Five states are weighing whether to embark on marijuana legalization themselves. As I wrote last week, strong support for legalization nationally doesn’t necessarily translate to easy victories for specific marijuana proposals on the ballot.
For instance, PRRI and the other pollsters typically ask respondents whether they think the “use” of marijuana should be made legal. A person may support the idea of smoking pot in the privacy of one’s home without police interference, but may nonetheless balk at proposals that would create a commercial marijuana industry selling retail marijuana products, as this year’s state ballot initiatives do.

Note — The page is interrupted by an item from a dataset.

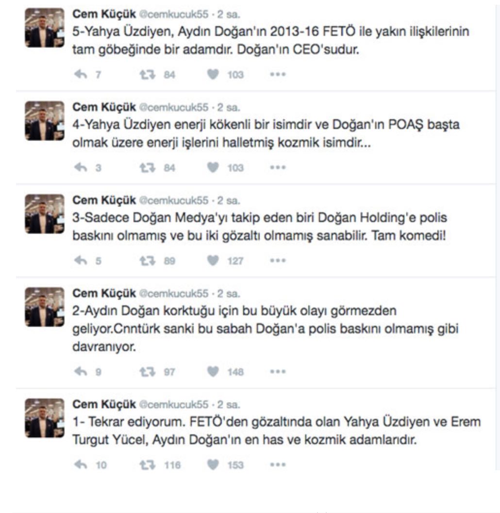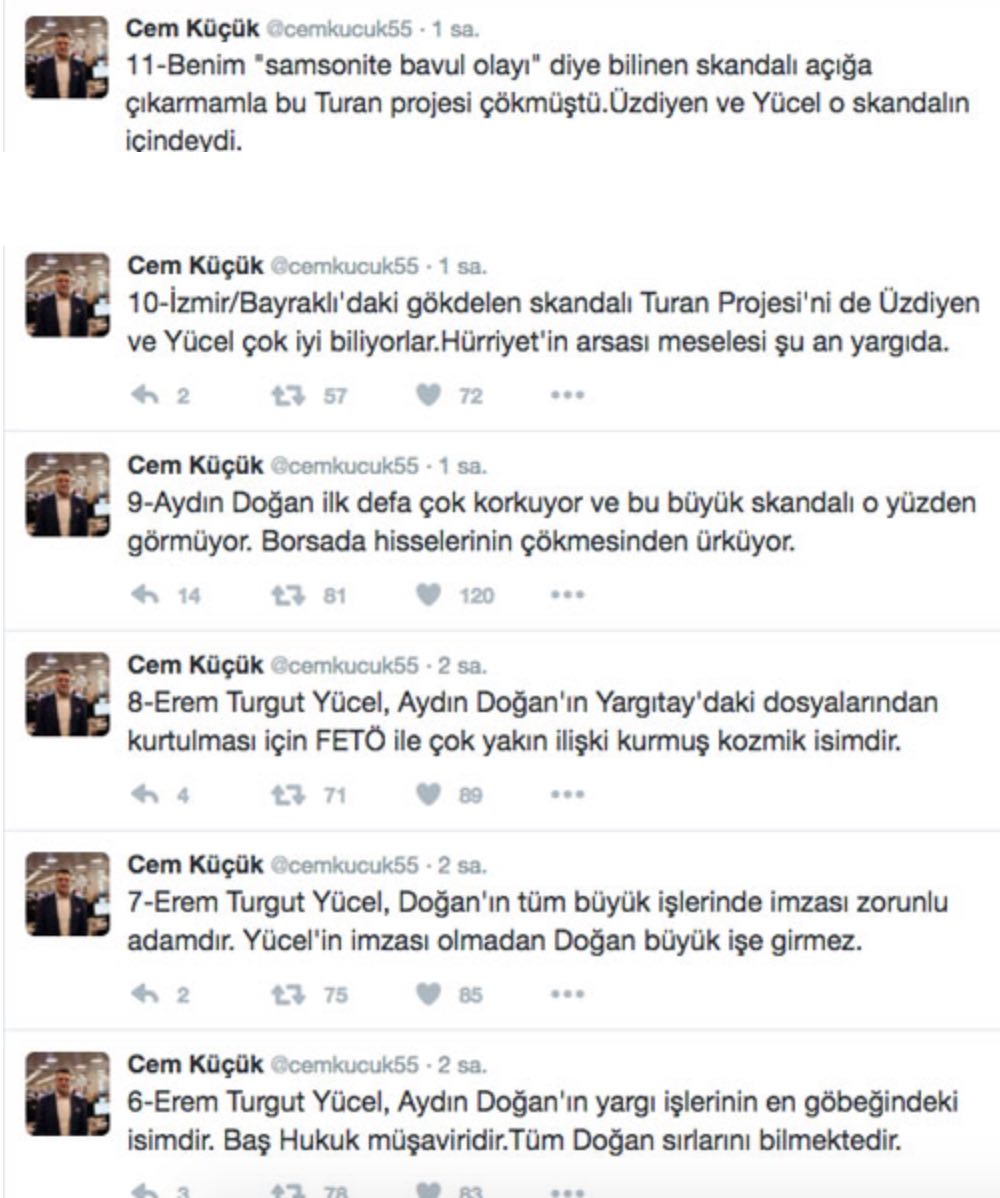 Doğan Holding’e yapılan polis baskının ardından iki isim gözaltına alındı. Cem Küçük, Yahya Üzdiyen ve Erem Turgut Yücel’le ilgili çarpıcı iddialarda bulundu.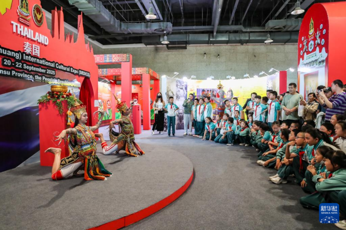 9月22日,学生在敦煌文博会上观看演出。新华社记者郎兵兵 摄

Still, with three national surveys this year showing 60 percent or greater support for legalization, it seems that public attitudes have reached some sort of tipping point. From a governing standpoint, it may become increasingly difficult for policymakers to maintain a strict prohibition that nearly two-thirds of citizens oppose.
One problem is that a widely opposed prohibition – 33 million American adults currently use marijuana, according to Gallup’s estimate – makes scofflaws out of millions of otherwise lawful citizens.
“The fruitless efforts at enforcement are creating public disregard not only for this law but for all laws,” complained Commissioner of Prohibition Henry Anderson in the 1930s. “The courts are cluttered with prohibition cases to an extent which seriously affects the entire administration of justice.”
Anderson’s comments were about alcohol prohibition, but they could just as easily apply to marijuana prohibition today.